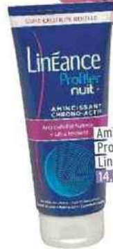
Amincissant Profiler nuit +, Linéance 14,90€
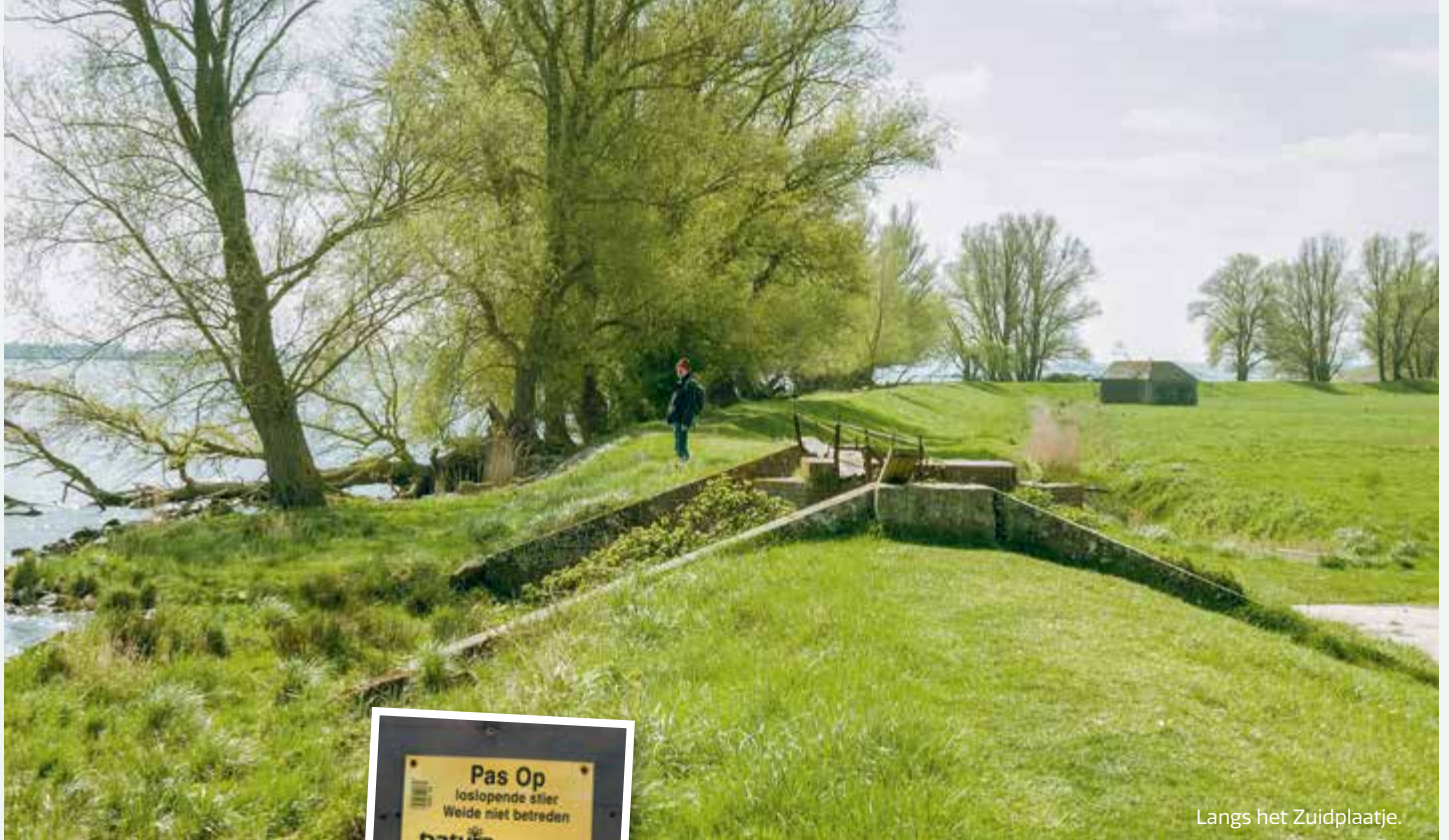
Langs het Zuidplaatje.
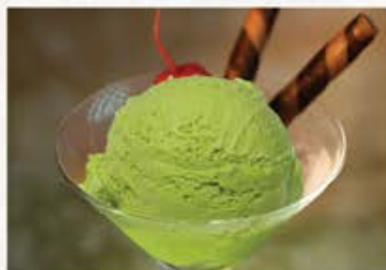
Matcha Ice Cream 抹茶アイスクリーム 60
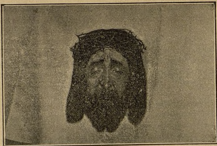
LA SANTA FAZ, PINTURA DE D. A. GASCÓN DE GOTOR.

ner una conferencia con el aludido hombre público, y viendo ya perdidos sus deseos, lo esperó á la puerta de su despacho, pidiéndole con nuevas instancias una entrevista.
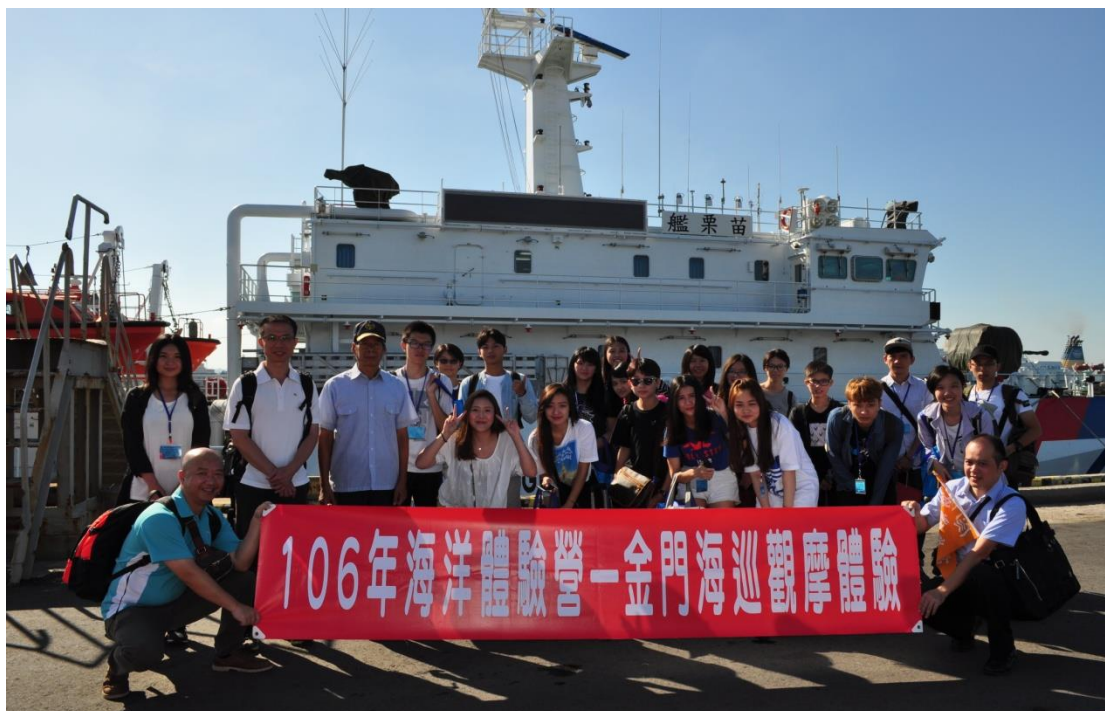
全體學員在苗栗艦前合影

* **EXERCISE DESCRIPTION**
A word-for-word copy of the lines from the one containing "Langs het Zuidplaatje." through the last line of the records is what is wanted, without pictures and without any other line.

* **SOLUTION TO THIS EXERCISE**
Langs het Zuidplaatje.
Matcha Ice Cream 抹茶アイスクリーム 60
LA SANTA FAZ, PINTURA DE D. A. GASCÓN DE GOTOR.

ner una conferencia con el aludido hombre público, y viendo ya perdidos sus deseos, lo esperó á la puerta de su despacho, pidiéndole con nuevas instancias una entrevista.
全體學員在苗栗艦前合影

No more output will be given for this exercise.